Bartolomeo Forteguerri
Bartolomeo Forteguerri (Siena, 24 febbraio 1751 – Palermo, 5 gennaio 1809) è stato un ammiraglio italiano, che fu comandante generale della Marina del Regno di Napoli dal 1796 al 1809, e Ministro di Guerra e Marina dal 1800 al 1806. Aveva militato nella Marina del Granducato di Toscana tra il 1766 e il 1778, e in quell'anno fu distaccato in servizio presso la Marine royale, dove strinse amicizia con l'ammiraglio Charles Henri d'Estaing, e partecipò alle operazioni navali nell'ambito della guerra d'indipendenza americana.
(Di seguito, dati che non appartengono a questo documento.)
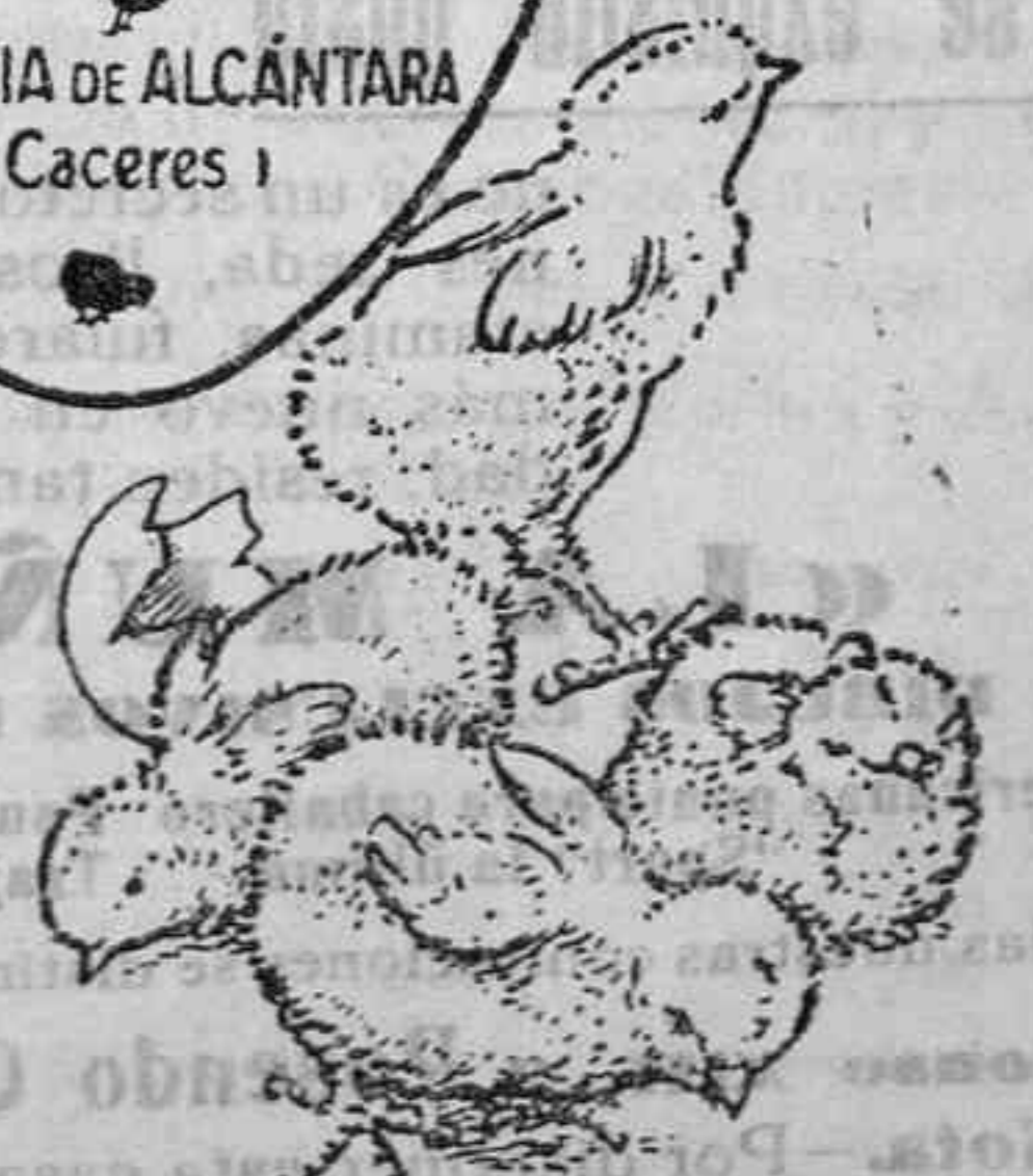
Polluelos recién nacidos

Nel 1782 fu nominato membro dell'Accademia reale della marina, e il 27 agosto 1783 ottenne il permesso di indossare la divisa francese dal Ministro della marina. Rientrato in Patria per alcuni mesi, il 1º dicembre 1783 il comandante della marina del Regno di Napoli John Acton lo invitò ad entrare in servizio presso di Ferdinando IV. Qui si distinse nelle operazioni di contrasto alla pirateria barbaresca, e poi nelle operazioni relative all'assedio di Tolone (1793).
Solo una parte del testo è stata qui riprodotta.